LISTED RECORDS |
========================

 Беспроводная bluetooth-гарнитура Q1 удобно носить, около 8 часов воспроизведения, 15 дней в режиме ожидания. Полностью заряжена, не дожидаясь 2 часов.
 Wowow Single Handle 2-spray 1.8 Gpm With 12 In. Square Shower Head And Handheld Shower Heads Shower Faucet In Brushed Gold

========================

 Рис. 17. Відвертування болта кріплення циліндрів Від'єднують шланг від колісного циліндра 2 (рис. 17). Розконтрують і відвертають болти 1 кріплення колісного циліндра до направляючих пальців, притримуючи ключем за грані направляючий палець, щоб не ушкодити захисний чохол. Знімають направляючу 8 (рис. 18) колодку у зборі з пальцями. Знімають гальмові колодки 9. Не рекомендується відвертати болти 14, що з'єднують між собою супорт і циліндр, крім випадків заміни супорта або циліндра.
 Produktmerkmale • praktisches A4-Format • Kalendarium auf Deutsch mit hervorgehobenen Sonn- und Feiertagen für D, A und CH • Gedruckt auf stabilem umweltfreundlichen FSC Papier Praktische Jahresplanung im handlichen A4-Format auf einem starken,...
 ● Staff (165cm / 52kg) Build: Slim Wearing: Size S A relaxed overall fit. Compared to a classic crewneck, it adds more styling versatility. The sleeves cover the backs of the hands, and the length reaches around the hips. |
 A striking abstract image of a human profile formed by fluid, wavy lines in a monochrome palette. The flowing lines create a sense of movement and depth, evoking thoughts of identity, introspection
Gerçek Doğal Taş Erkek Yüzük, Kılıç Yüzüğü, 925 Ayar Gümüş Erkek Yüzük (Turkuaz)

========================

EXERCISE DIRECTIONS | The lines above from the one containing "Беспроводная bluetooth-гарнитура Q1" through the one containing "Wowow Single Handle" are to be set down exactly, and no others.

RESPONSE |
 Беспроводная bluetooth-гарнитура Q1 удобно носить, около 8 часов воспроизведения, 15 дней в режиме ожидания. Полностью заряжена, не дожидаясь 2 часов.
 Wowow Single Handle 2-spray 1.8 Gpm With 12 In. Square Shower Head And Handheld Shower Heads Shower Faucet In Brushed Gold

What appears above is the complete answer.